Schiel has the ability to defend herself, although she has always done so with
the assistance of Roy Schiel.
iv) The complexity of the case
[16]
The Crown contended that the case was not complex. I do not agree.
There are approximately 10,000 pages of exhibits. The trial took 29 days. The
issues at trial involved assessments of credibility as well as a detailed
analysis of the tax documents filed in the proceedings.
v) Assistance of
counsel necessary to marshal the evidence
[17]
There is a large volume of evidence. However, no one is more familiar
with the evidence than the applicants, who generated many of the documents.

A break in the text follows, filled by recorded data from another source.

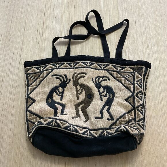 El Paso Saddle Blanket Bag Women's Black Cotton Stencil Purse Large Kokopelli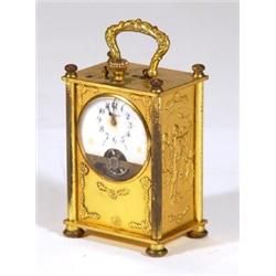 French gilt metal carriage clock with eight day movement and enamel dial, decorated with panels of nude women and cherubs, 11cm high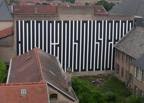 Das ist wahrhaftig eine gigantische Typo, die Tania Mouraud dort auf eine Wand mit dem Endformat von 30,0 x 14,5 m gestaltet hat: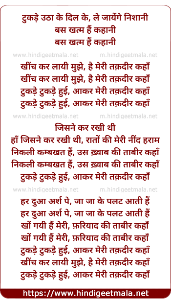 Lyrics of Tukde Utha Ke Dil Ke - टुकड़े उठा के दिल के, ले जायेंगे निशानी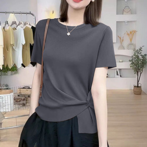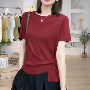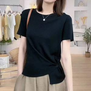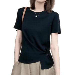 2025 新しい夏のアイスシルク半袖シャツ女性のデザインニッチファッションスリムチョッキラウンドネックオフショルダートップ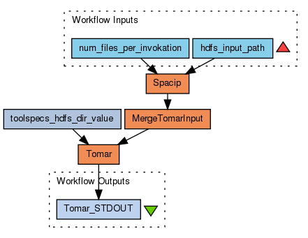 The workflow uses Spacip (https://github.com/shsdev/spacip) to prepare ARC web is a tool to prepare ARC web archive container files by unpacking the compressed files in HDFS and creates input files which can be used by Tomar (https://github.com/openplanets/tomar). After merging the mapper output files from Spacip (MergeTomarInput) into one single file, it can be used by Tomar as input. The tool invokation depends on a tool specification file which must be available in HDFS, this is explained in the Tomar documentation.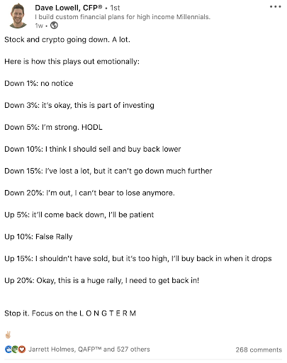 Niedawno, gdy wszystko szło w górę i w dół z kryptowalutami pod koniec stycznia 2022 r., ma świetny post, który informuje o aukcjach kryptowalut. Oto, jak to rozgrywa się emocjonalnie, a on zaczyna zabierać cię na przejażdżkę kolejką górską, w której czujesz się jako inwestor. Dobrze? Działa, ponieważ łączy się z naszą emocjonalną reakcją, którą wszyscy razem mamy, jeśli obserwujemy, co dzieje się z krypto. A więc tylko dwa przykłady tego, jak nie nudzić się w kanałach społecznościowych.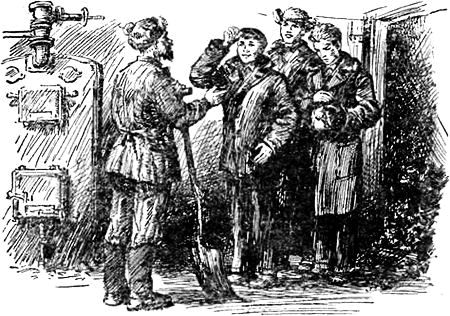 Вдруг Толя зажмурился. Перед ним распахнулась дверь, и в угольную яму брызнул ослепительный электрический свет. На пороге, в зимней шапке-ушанке, в валенках с калошами из красной резины, стоял старик с лопатой в руках. Толя сразу его узнал. Это был Савелий Яковлевич. Не заметив ребят, сидевших в углу, он поддел лопатой уголь и понес его к топке.

They have heard the evidence twice. While the assistance of counsel would be
helpful, it is not necessary to marshal the evidence.
vi) Imprisonment
[18]
Sandy Schiel was sentenced to five years in prison and a fine of
$1,959,910. Adolf Schiel was sentenced to four years in prison and a fine of
$1,959,910.
vii) An arguable case
[19]
The Crown argued strongly that the case has no merit. The Schiels were granted
bail pending appeal on March 25, 2011. One judge of this Court has concluded
that their appeal is not frivolous. Some of the points raised before me have
little or no merit. Other grounds, while not strong, are nonetheless arguable.
There is merit to the Schiels sentence appeal.
[20]
Section 684 has two fundamental requirements for the appointment of
appellate counsel: it must be desirable in the interests of justice that the applicant
have legal assistance
and
the applicant must not have sufficient means
to obtain that assistance.
[21]
I have found that the applicants have not satisfied the second criterion,
and therefore I must dismiss the application.